Like all new towns, the residences and business houses were frame structures. The town had no fire department, and without warning the fire fiend swept down on the village and, in an hour's time, consumed its principal business houses.
In the rebuilding of the village, and to guard against a repetition of such distaster, brick was substituted for all mercantile houses and the hotel. A cleaner, neater or more prosperous town, for its size, is not found in our State.
Good stores of all kinds, in the hands of competent business men, furnish the people with the necessaries of life, and the traveler, when he passes through its portals, can be safely lodged in a hotel of which any town in the county would be proud.

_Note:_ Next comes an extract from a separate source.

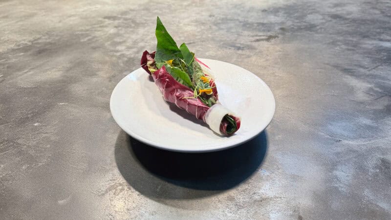 Ein roter Stern sei auch deshalb etwas ganz Besonderes, weil das Hawara kein typisches Michelin-Konzept verfolge, sondern seinen eigenen Weg gehe, sagen die beiden. Zu diesem Weg gehört beispielsweise ein eigener Garten in Freiburg-St. Georgen, wo Gärtner Sebastian Wolf nach einem ausgeklügelten Anbauplan Gemüse, Kräuter, Gewürze und Blumen für die Floristik anbaut. Im Mai, wenn die Jungpflanzen groß genug sind, kommt das zwölfköpfige Restaurantteam zum Pflanzen. „In diesem Jahr ist unser Garten noch wichtiger für uns geworden. Wir haben den Anbau vergrößert, freuen uns, dass wir schon unseren eigenen Szechuanpfeffer ernten können und unser eigenes Wasabi“, sagt Yannik Spielmann. Zweimal die Woche geht es zum Ernten in den Garten. Und von dem, was wächst, lassen sich die beiden inspirieren, aktuell von den ersten Zucchini und Auberginen.

As a shipping point it is central for a large section. Its railroad communication is all that could be desired. The fact that other towns in the county, particularly Aledo, should be deprived of as good railroad facilities as Seaton, in the matter of stock shipments and passenger transportation, does not speak well for the accommodations furnished by the great Chicago, Burlington & Quincy Company.
Seaton is a strong competitor of some of the other towns in the county, and it will require firm energy and the reaching out for the best interests of their own localities to hold the trade they already have.
Seaton's financial interests are conducted by the Seaton Bank, an institution well officered and with a capital sufficient to supply the wants of its citizens.